▸ Prompt:
Transcribe exactly the lines below that begin at the line with "This bingo card" and stop after the line with "Get the free", leaving out every picture.

[[ Material for the task, beginning ]]

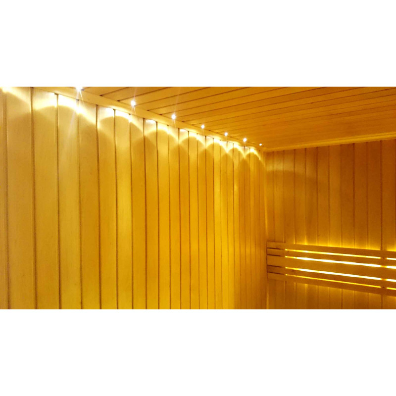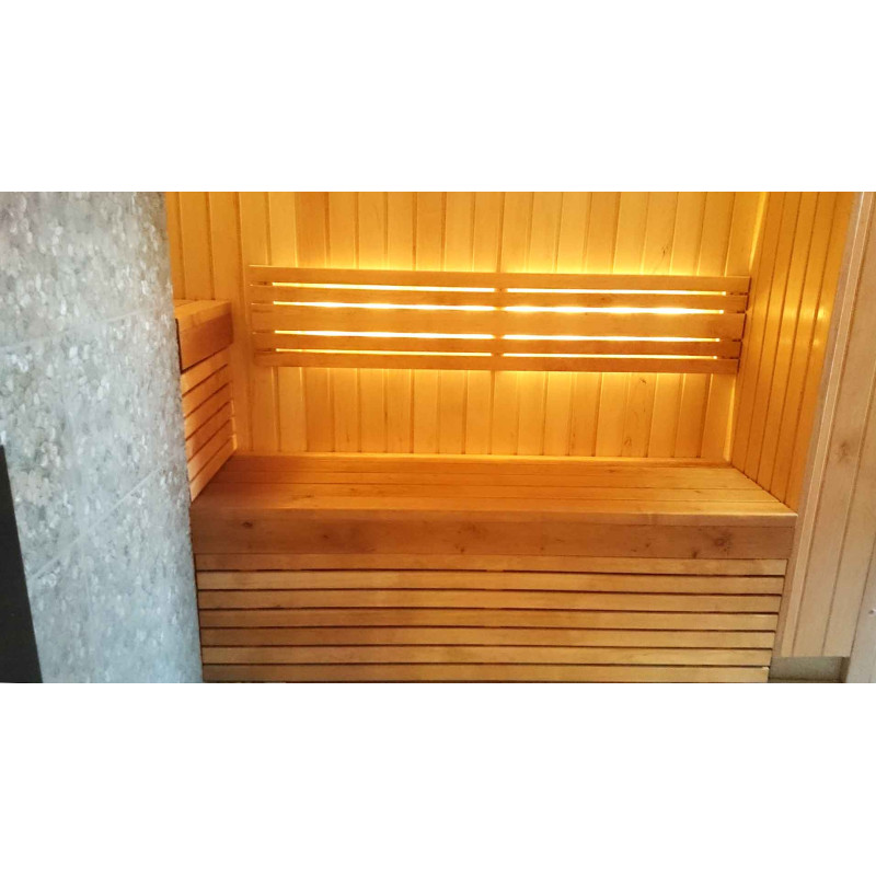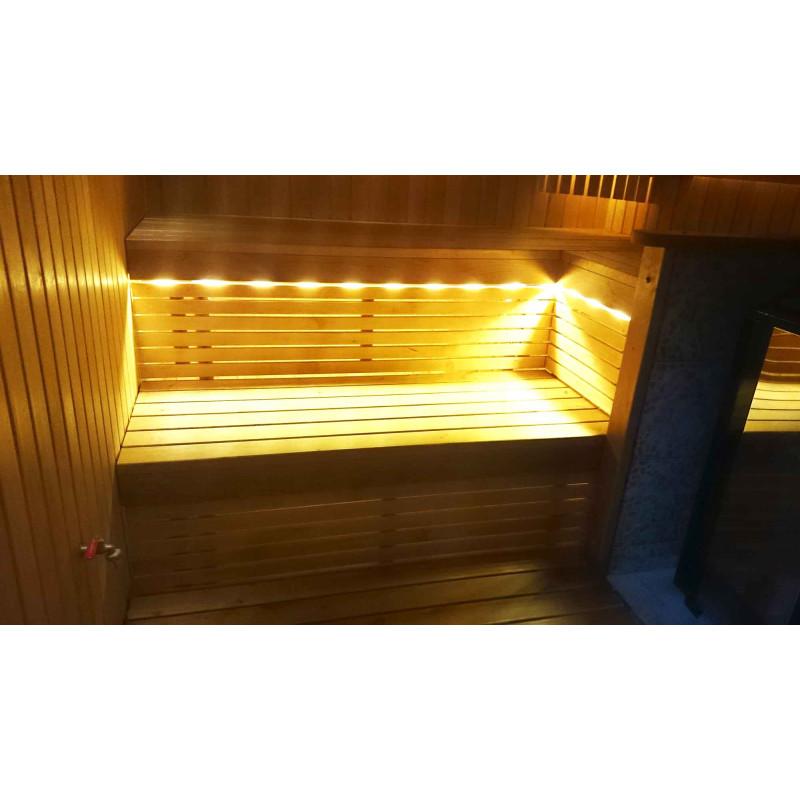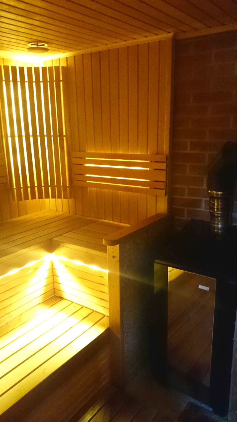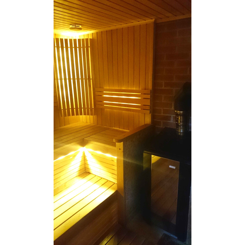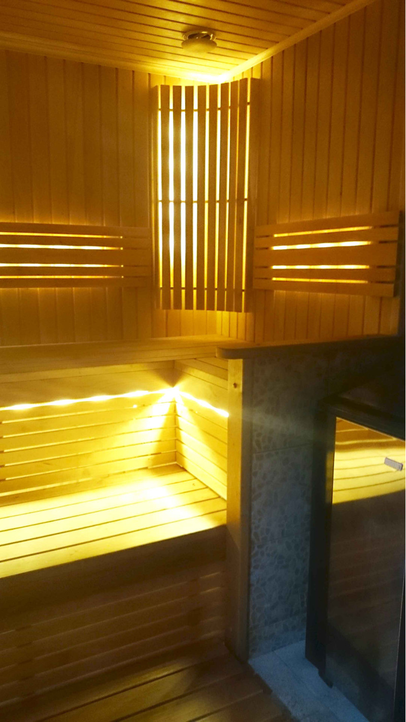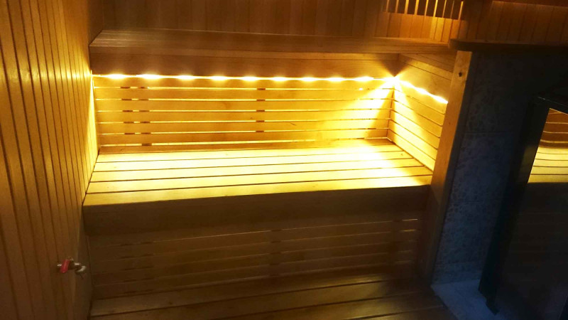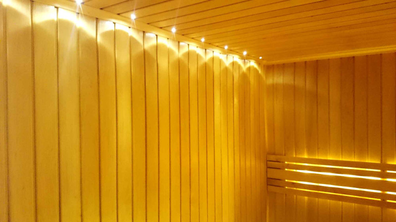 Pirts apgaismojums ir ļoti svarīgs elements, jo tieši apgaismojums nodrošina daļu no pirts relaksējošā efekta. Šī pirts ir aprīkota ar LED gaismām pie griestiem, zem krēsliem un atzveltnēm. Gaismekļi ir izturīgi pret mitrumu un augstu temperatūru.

[[ Material for the task, end ]]
[[ Material for the task, beginning ]]

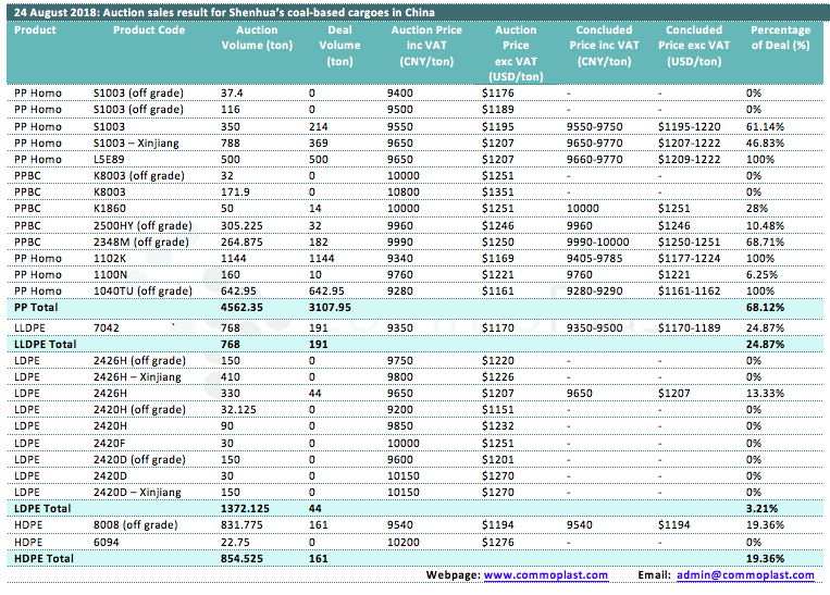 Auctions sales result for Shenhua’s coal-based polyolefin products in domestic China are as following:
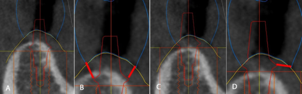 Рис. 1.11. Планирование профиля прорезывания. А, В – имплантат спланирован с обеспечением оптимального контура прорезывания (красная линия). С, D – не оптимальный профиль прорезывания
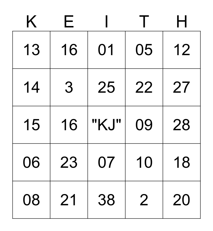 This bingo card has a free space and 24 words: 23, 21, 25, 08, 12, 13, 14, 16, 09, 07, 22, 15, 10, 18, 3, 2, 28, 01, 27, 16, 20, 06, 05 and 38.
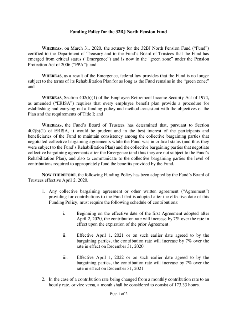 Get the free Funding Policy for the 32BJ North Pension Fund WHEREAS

[[ Material for the task, end ]]

▸ Response:
 This bingo card has a free space and 24 words: 23, 21, 25, 08, 12, 13, 14, 16, 09, 07, 22, 15, 10, 18, 3, 2, 28, 01, 27, 16, 20, 06, 05 and 38.
 Get the free Funding Policy for the 32BJ North Pension Fund WHEREAS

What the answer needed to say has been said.